Correction for multiple comparisons in the correlation analyses between the MEG differences and HGF-S parameters

The differences in the brain regions, time points, and frequency bands between the sad and happy emotional conditions were tested using a cluster-based permutation paired t-test (cluster-forming threshold = 0.01, cluster-level p-value < 0.025/6, Monte Carlo, randomization 10,000, n = 34) with correction for multiple comparisons. Specifically, regarding the cluster-based permutation paired t-test, first, we performed paired t-tests at each time point between 0 and 1,000 ms all 68 brain regions. Second, we clustered the significant spatiotemporal points with uncorrected p-values below 0.01 according to the spatiotemporal distance. Third, we summed the t-values of each cluster. Fourth, we calculated the permutation distribution with a random switching condition within the subjects and performed a paired t-test between the permutated conditions to form clusters. We repeated this permutation 10,000 times.

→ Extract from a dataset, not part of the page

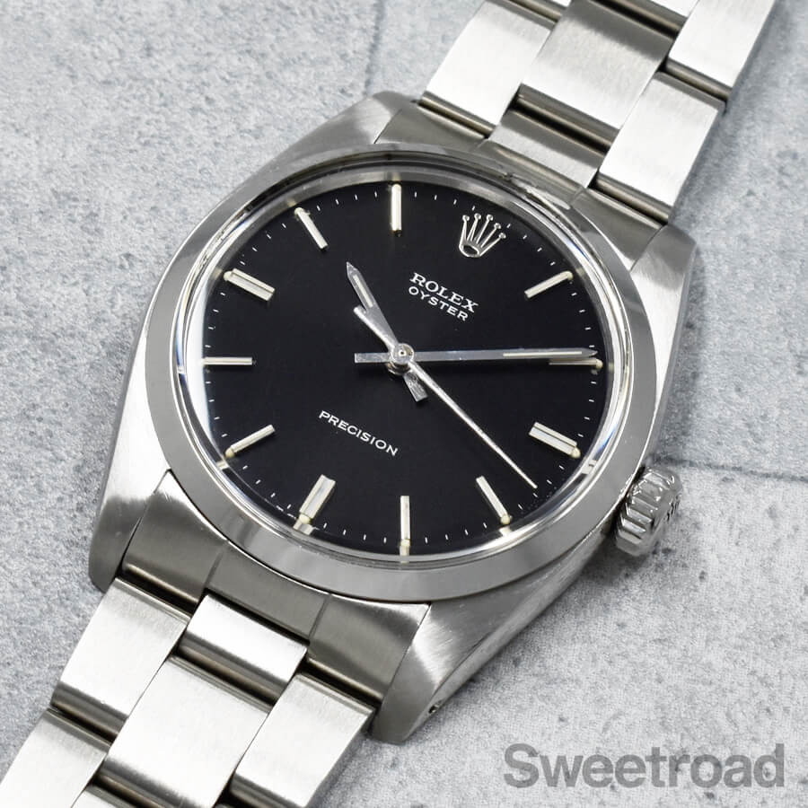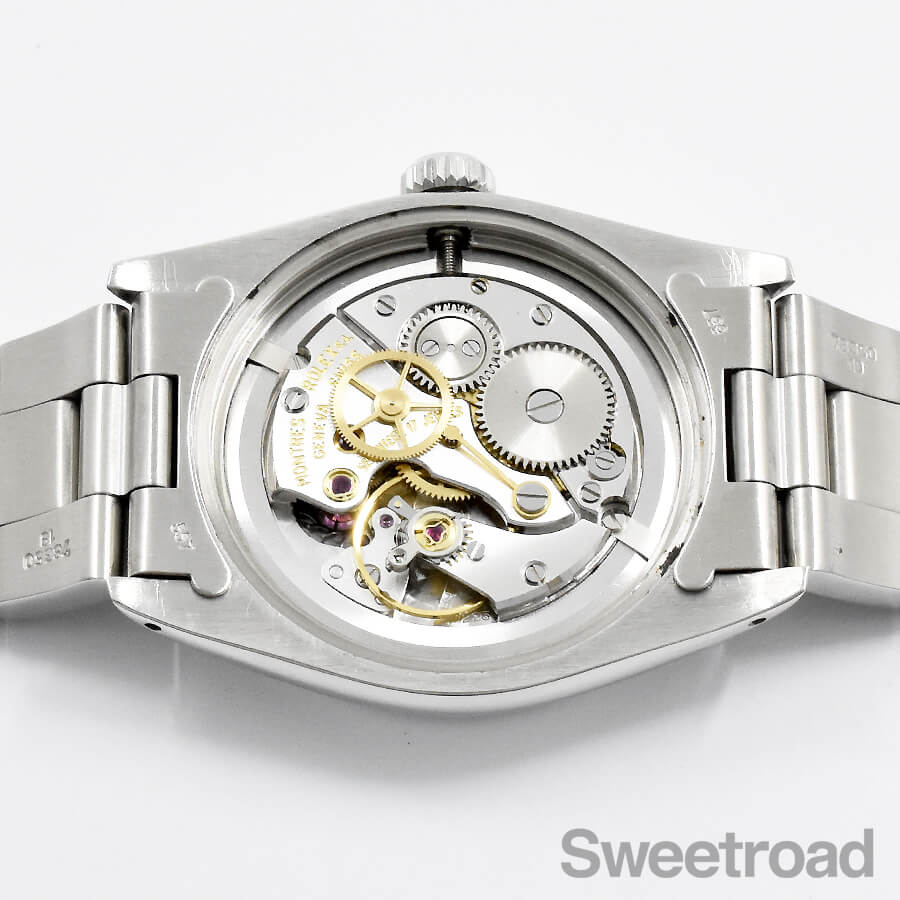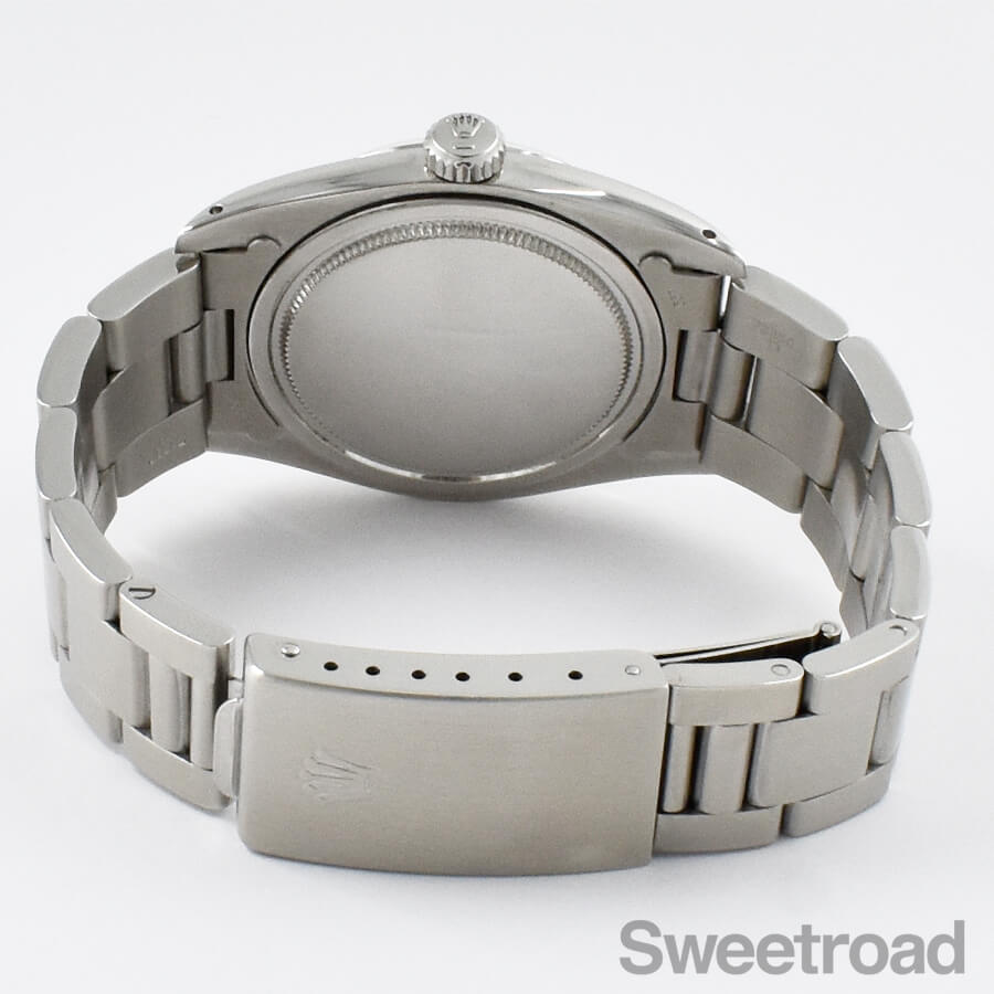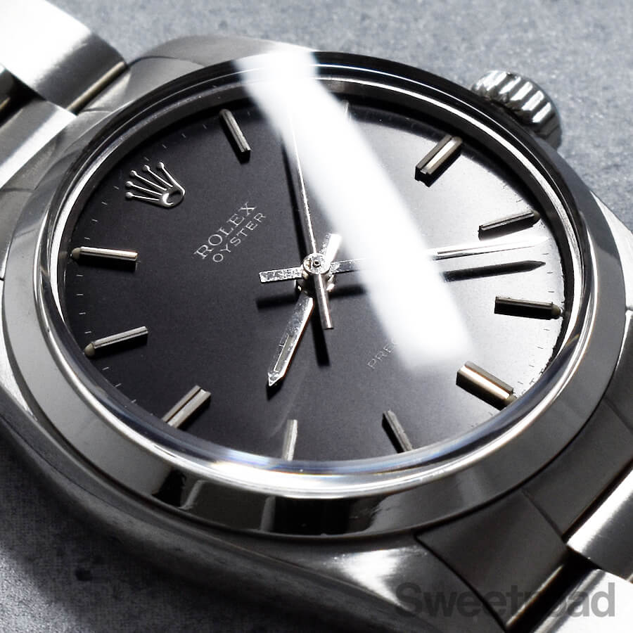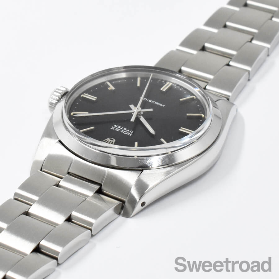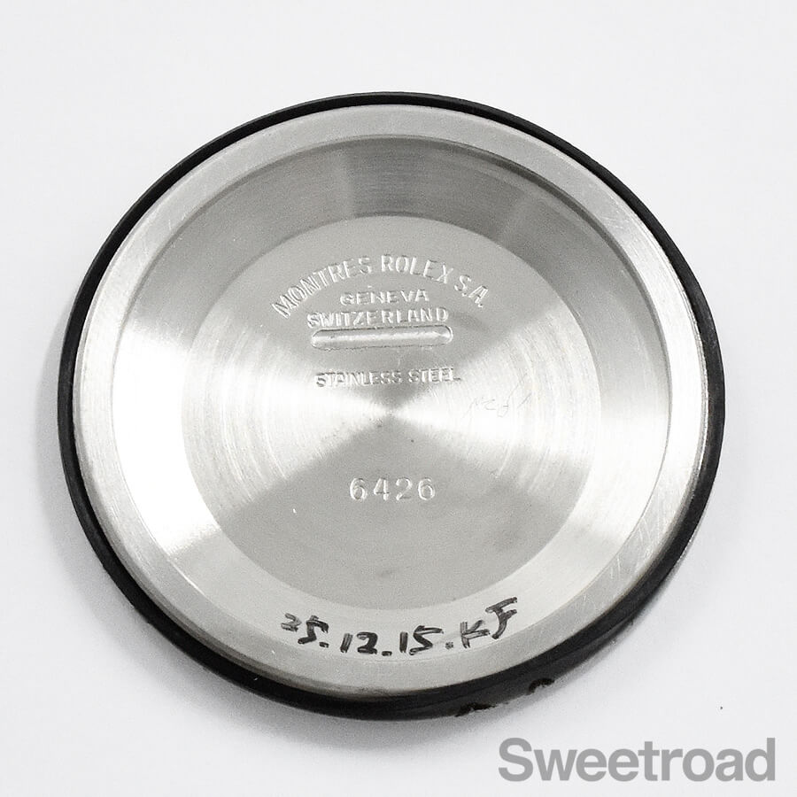 1950年代から1980年代後半まで製造された、ロレックスのロングセラーモデル「オイスター/Ref.6426」。 1985年に製造された最後期の個体が入荷しました。 文字盤は、80年代特有のしっとりとした光沢感が目を惹く、オリジナルブラックダイヤル。 インデックス周りにほんのわずかな傷みが見受けられる程度で、全体的に綺麗な状態を維持しています。 針にはわずかな経年はございますが、着用時に目立つほどではありません。 ミドルケースには後年に仕上げが施されているため、ダメージの少ない綺麗な状態です。 過度なケース痩せや丸みも見られず、オイスターケースのプロポーションも保たれています。 ムーブメントは、手巻きの名機「Cal.1225」を搭載。 ベルトは、ロレックス純正ハードブレス(1986年製)が装着されており、ケースとほぼ同年式の貴重な組み合わせです。 当店にてOH(分解掃除)を行っております。

Finally, based on this permutation distribution, we calculated the corrected p-values of the original clusters. All statistical tests were two-sided, and Bonferroni correction for multiple comparison was performed across the six frequency bands (0.025/6) because the spectrum was averaged by the frequency bands. A Pearson’s correlation analysis between τ and the ‘ERD difference’ was also performed using the same method applied to correct for the multiple comparisons. All analyses were performed in R (version 3.5.0)34 and MATLAB (R2016b).